3. Revisit or Create Your Estate Planning Documents

Estate planning is an often-ignored part of the financial planning process. However, we believe it to be the key foundation to any plan. These documents are not just for when one passes, however; documents such as power of attorney and health care directives are essential while you are alive. If you unfortunately pass away without a fully executed will (aka dying “intestate”), your assets may not pass down to loved ones as you would have desired. Additionally, if you have executed estate documents already, we recommend revisiting these documents every 3-5 years to make sure no changes or updates need to be made.

4. Insure Your Wealth

While we believe that life and disability income insurance policies are cornerstones to a successful financial plan, an often overlooked (and inexpensive) part of any insurance plan should include an umbrella policy. The umbrella policy protects you and your family from liability claims that would exceed standard coverage on your auto or home policies. Many auto and home policies max-out their liability coverages between $100,000-$300,000, depending on your policy. If you are sued for a $500,000 liability claim resulting from an auto accident, as an example, and your auto policy maxes out at $300,000 of liability coverage, you could be held personally liable for the additional $200,000 claim. Umbrella policies step in to provide additional insurance coverage over and above your standard liability coverages for relatively inexpensive premiums.

5. Explore a Home Equity Line of Credit (HELOC)

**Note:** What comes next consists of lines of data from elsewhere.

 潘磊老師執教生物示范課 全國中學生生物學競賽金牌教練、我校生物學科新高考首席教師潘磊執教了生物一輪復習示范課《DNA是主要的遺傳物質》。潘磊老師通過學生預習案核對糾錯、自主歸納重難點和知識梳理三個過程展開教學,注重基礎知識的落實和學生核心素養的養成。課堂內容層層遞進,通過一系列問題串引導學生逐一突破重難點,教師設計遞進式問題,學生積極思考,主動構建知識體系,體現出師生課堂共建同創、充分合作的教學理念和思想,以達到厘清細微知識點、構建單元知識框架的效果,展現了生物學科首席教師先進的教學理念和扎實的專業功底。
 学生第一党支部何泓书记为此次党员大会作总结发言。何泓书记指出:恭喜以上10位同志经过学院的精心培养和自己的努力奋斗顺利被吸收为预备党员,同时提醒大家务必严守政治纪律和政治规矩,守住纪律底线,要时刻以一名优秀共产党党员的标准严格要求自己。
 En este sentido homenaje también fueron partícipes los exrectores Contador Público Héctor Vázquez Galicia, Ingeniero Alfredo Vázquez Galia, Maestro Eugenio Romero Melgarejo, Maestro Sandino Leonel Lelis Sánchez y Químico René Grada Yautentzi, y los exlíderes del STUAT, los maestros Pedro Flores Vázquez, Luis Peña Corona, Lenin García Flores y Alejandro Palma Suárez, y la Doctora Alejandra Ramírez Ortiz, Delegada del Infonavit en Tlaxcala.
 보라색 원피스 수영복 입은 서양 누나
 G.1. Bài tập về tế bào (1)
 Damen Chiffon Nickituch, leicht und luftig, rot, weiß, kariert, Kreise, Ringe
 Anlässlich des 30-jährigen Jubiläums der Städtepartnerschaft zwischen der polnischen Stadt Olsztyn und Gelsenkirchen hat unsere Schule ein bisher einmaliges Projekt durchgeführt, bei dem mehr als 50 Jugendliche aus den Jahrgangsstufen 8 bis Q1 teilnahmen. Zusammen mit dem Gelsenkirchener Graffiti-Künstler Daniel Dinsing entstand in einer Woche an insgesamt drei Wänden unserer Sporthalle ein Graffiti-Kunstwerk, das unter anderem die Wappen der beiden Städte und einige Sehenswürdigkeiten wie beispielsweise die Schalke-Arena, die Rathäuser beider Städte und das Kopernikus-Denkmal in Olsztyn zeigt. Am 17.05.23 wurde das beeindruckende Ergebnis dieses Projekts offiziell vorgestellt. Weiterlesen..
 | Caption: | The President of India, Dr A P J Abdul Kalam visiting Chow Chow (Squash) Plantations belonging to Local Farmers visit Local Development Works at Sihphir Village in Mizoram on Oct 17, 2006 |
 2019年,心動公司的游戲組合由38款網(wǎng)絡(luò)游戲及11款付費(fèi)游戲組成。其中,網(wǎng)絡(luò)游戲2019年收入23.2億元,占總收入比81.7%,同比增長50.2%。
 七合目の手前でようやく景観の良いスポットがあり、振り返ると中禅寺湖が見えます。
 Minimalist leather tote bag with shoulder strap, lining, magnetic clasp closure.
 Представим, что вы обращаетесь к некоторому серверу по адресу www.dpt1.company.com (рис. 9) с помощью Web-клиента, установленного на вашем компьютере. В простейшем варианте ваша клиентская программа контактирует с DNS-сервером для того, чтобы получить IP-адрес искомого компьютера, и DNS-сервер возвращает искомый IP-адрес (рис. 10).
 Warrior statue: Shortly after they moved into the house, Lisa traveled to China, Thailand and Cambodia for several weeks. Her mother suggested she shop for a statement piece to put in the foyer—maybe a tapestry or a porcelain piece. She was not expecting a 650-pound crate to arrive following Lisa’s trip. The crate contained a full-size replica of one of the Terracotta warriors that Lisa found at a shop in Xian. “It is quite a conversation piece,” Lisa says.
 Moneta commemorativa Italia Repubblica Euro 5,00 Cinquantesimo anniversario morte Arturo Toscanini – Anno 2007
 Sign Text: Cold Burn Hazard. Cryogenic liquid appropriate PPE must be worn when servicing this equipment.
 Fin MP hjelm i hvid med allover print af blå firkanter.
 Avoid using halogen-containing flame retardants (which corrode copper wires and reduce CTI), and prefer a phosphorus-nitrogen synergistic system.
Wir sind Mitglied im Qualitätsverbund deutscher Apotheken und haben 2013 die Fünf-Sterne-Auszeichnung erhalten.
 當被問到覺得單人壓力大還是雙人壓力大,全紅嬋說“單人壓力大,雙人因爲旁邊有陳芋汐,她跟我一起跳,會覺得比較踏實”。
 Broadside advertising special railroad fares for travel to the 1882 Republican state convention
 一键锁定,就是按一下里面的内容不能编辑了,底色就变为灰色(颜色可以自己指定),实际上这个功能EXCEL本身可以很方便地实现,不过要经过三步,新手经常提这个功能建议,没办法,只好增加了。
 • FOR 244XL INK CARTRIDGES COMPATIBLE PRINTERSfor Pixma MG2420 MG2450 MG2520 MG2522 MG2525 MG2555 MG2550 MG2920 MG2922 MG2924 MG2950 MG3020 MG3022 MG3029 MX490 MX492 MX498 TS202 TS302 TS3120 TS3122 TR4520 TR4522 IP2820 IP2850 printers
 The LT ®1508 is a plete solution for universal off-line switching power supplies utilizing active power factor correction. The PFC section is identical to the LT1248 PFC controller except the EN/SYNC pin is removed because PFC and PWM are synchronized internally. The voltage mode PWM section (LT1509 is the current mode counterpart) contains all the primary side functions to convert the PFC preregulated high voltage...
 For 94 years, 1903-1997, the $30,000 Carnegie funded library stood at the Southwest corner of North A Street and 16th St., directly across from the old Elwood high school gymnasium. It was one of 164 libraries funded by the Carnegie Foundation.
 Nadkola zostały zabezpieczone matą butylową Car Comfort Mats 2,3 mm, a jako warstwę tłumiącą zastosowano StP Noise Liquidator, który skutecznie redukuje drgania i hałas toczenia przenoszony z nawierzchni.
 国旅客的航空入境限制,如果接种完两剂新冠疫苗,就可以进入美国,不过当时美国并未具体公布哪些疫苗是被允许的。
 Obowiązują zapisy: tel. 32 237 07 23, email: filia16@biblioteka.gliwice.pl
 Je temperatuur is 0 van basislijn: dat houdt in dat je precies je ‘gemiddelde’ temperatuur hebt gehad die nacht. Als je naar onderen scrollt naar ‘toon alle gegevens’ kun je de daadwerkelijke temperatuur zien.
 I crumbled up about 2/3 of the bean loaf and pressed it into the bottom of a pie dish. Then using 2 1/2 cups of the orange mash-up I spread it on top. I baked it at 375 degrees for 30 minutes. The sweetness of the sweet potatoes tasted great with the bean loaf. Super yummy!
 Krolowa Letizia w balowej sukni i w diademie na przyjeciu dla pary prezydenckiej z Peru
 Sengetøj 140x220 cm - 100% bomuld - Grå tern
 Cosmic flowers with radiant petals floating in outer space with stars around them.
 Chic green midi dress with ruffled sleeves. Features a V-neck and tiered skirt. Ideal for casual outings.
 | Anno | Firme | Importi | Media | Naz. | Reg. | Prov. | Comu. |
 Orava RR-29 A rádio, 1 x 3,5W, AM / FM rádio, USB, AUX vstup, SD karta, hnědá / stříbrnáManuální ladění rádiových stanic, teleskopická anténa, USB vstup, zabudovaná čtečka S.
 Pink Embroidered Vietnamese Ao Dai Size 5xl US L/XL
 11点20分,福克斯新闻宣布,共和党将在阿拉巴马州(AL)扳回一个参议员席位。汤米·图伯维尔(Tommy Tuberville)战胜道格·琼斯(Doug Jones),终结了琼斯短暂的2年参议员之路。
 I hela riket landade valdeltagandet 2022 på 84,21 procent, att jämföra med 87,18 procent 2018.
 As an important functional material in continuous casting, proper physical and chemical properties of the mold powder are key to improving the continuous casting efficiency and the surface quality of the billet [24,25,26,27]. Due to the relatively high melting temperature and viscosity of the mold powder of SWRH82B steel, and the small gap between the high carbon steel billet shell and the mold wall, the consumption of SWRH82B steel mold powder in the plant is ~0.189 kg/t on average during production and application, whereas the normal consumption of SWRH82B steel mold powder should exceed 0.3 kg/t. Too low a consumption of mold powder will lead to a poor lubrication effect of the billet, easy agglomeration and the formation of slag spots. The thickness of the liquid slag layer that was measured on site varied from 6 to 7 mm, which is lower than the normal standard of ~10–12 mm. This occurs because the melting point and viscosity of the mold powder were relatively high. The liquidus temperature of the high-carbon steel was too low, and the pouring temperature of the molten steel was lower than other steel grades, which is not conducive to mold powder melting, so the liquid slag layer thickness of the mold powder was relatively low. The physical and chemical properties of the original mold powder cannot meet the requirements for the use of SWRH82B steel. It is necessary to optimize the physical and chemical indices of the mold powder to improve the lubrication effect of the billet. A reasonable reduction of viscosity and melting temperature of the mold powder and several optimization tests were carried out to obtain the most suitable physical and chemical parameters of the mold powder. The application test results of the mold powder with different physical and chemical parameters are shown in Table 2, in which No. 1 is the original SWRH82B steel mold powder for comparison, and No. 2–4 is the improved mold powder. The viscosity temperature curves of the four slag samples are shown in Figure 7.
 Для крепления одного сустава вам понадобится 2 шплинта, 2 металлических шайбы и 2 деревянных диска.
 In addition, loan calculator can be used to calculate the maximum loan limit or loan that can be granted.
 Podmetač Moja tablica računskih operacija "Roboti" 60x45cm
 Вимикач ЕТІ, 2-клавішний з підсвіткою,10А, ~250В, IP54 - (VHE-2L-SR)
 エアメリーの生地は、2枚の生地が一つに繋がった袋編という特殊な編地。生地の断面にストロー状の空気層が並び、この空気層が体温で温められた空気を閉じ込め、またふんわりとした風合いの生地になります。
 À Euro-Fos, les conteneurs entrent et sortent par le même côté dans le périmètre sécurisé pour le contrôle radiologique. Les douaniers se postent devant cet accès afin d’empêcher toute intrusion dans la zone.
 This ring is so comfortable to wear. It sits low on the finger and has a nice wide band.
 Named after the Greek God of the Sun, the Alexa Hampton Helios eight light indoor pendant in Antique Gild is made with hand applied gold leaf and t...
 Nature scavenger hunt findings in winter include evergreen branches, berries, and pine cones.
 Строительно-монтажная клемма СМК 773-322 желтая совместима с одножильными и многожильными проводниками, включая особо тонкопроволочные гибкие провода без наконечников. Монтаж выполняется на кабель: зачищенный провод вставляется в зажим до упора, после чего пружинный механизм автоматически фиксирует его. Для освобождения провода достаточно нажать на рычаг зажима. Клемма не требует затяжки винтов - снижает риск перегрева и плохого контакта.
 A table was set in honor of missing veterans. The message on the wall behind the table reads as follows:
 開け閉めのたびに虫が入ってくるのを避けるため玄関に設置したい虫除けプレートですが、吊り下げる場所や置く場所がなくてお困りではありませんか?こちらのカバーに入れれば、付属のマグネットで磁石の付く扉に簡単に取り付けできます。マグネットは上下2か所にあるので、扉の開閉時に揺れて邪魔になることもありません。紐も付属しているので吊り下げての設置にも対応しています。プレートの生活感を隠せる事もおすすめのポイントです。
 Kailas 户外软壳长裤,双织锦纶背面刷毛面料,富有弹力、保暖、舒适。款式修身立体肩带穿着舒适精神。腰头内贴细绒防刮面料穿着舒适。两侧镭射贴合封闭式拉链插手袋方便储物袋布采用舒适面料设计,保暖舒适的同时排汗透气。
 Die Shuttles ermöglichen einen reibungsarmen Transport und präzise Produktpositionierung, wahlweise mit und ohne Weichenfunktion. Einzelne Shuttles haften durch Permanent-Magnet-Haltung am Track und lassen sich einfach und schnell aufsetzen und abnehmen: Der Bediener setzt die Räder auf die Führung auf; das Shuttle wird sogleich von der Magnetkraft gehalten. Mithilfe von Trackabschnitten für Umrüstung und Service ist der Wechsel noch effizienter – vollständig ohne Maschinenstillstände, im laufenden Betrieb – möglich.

With the current real estate market increasing home values at a rapid pace, many individuals and families have substantial equity locked into their primary residence. A home equity line of credit (HELOC) is one way to tap into your home’s equity for a remodel, debt consolidation or purely to have on hand in the event of an emergency. Remember, this is a line of credit—not a loan—so you only pay for what you use. Plus, it’s a great way to build additional emergency reserves into your financial plan.